Exercise brief
Only the lines below from the one containing "Брюки для мальчика" through the last line should be set down, exactly as written and with no pictures.

------------------------------------------------------------------------

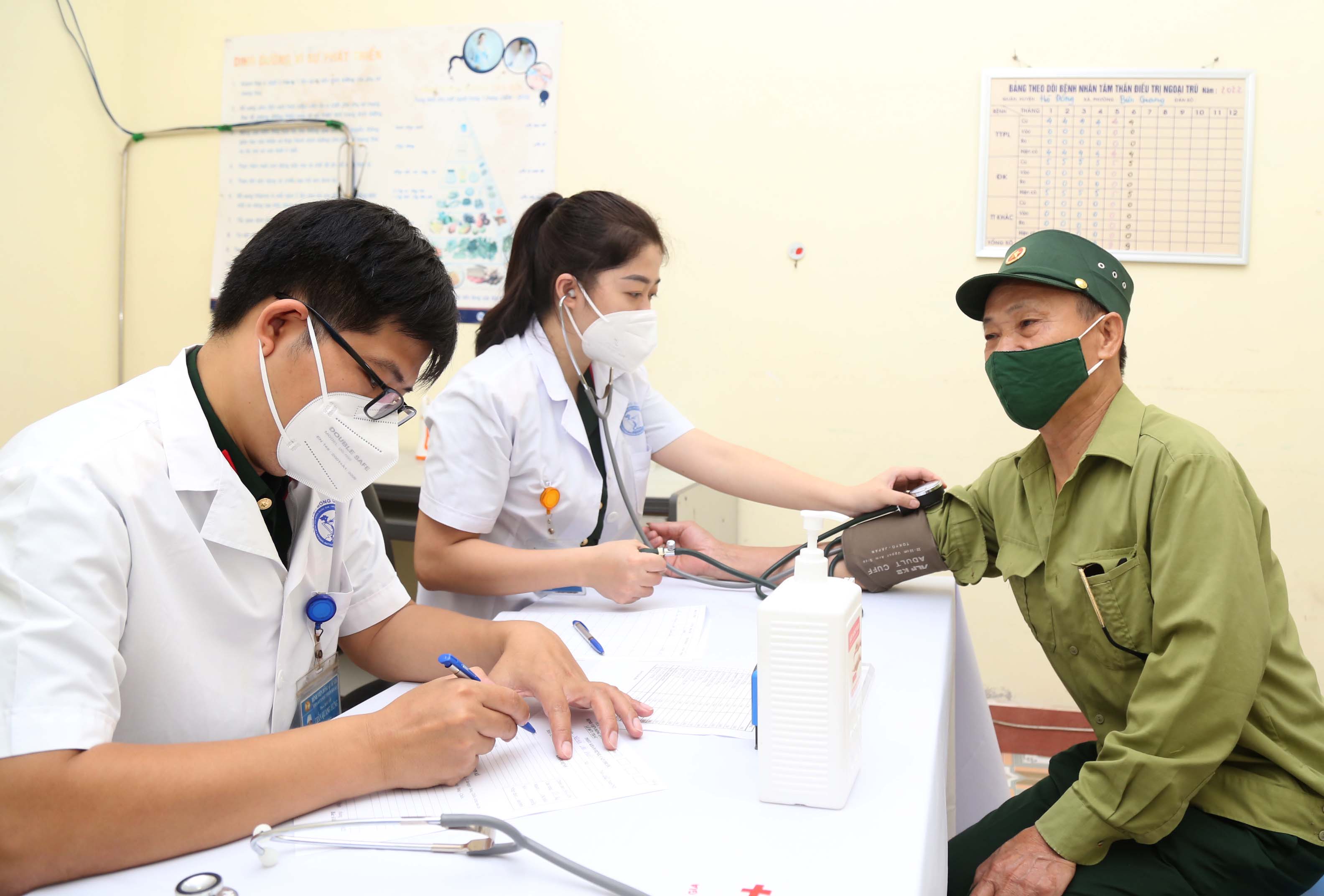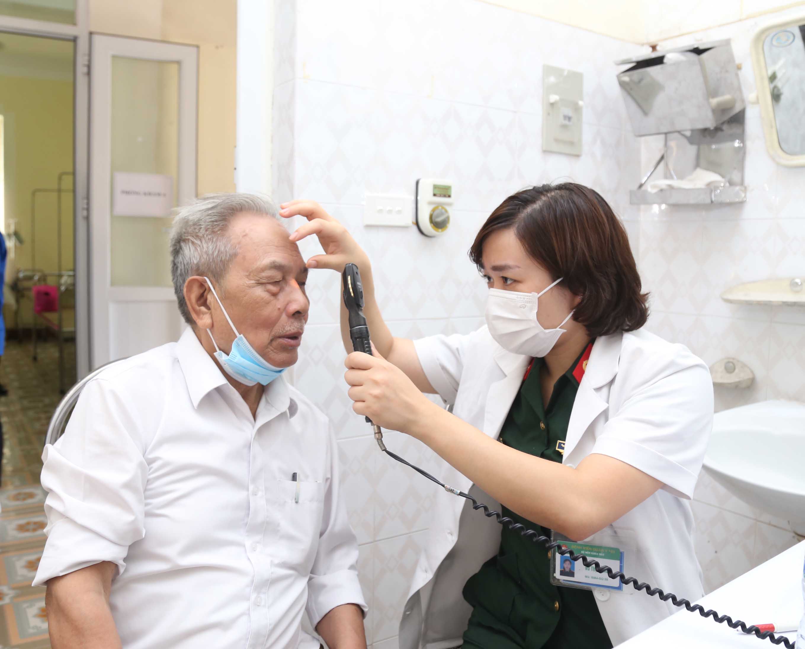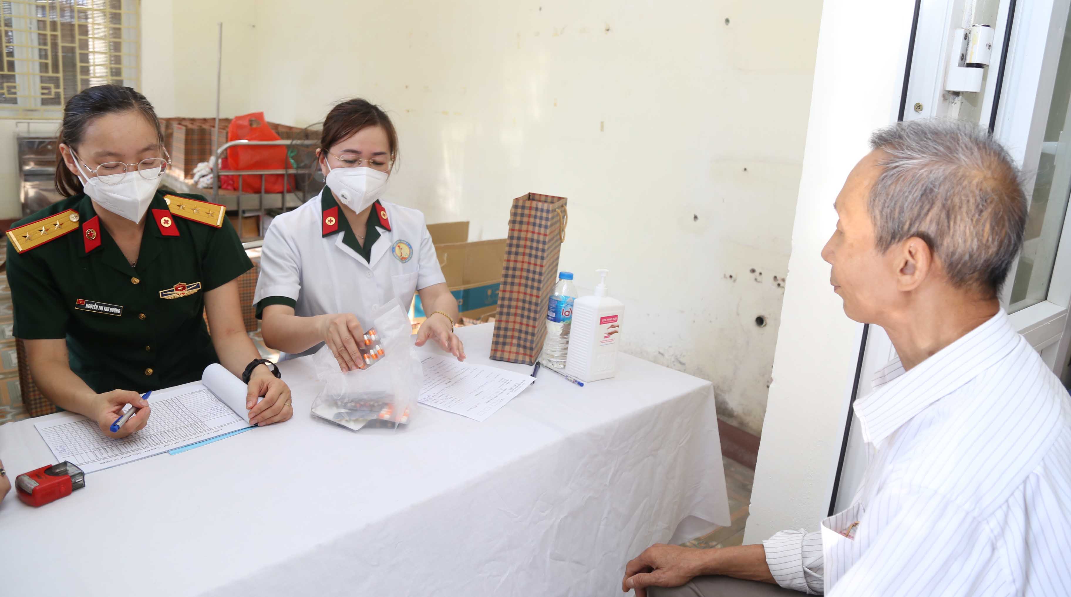Đại tá, PGS.TS. Vũ Quang Vinh, Phó Giám đốc Bệnh viện đến thăm, khám và tư vấn sức khoẻ cho cho các đối tượng chính sách
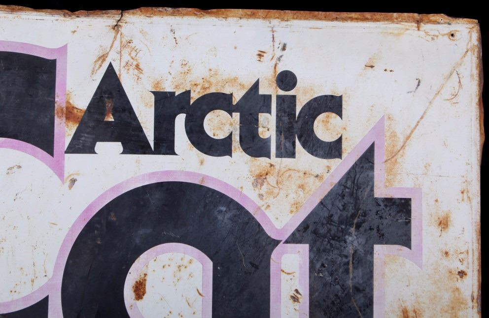 This lot features a vintage metal Arctic Cat dealer sign. This piece is a sign that would have been place outside a place of business that deals in Arctic Cat products. This is a very cool piece that displays well. It is in good condition for its age, it does have wear. it measures 60" W x 36" H
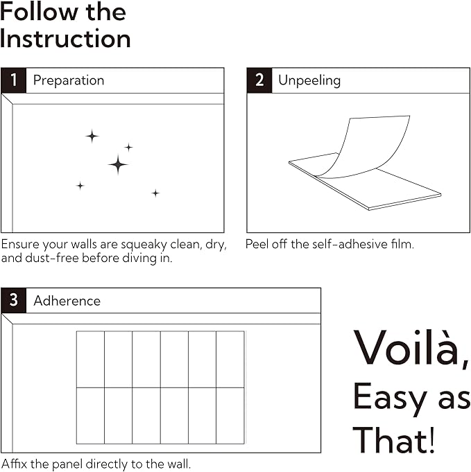 - Easy Peel and Stick Setup, No Tools Required: Each self adhesive wall panel includes strong adhesive backing, so these sound panels are used for quick DIY installation. Just peel, stick, and arrange to cover walls, doors, or ceilings,fully customizable. These acoustic wall panels are Ideal for subtle, natural decor while maintaining a clean, contemporary look.
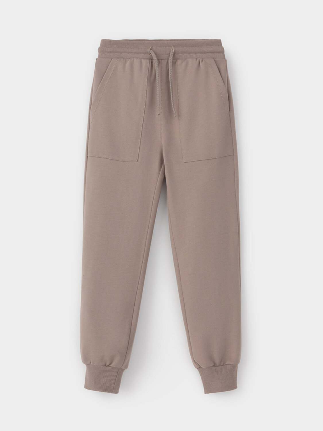 Брюки для мальчика из мягкого петельчатого трикотажа. Эластичный пояс на резинке регулируется по ширине с помощью шнурка. По бокам два удобных накладных кармана. Внизу эластичные манжеты.
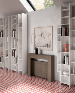 This is the smallest console in the world and measures just 20 cm deep! Mini is a discreet piece of furniture, concealing table extensions inside that allow it to stretch up to 162 cm, accommodating up to 6/8 guests. An incredible marvel of furniture engineering.

------------------------------------------------------------------------

Output below
 Брюки для мальчика из мягкого петельчатого трикотажа. Эластичный пояс на резинке регулируется по ширине с помощью шнурка. По бокам два удобных накладных кармана. Внизу эластичные манжеты.
 This is the smallest console in the world and measures just 20 cm deep! Mini is a discreet piece of furniture, concealing table extensions inside that allow it to stretch up to 162 cm, accommodating up to 6/8 guests. An incredible marvel of furniture engineering.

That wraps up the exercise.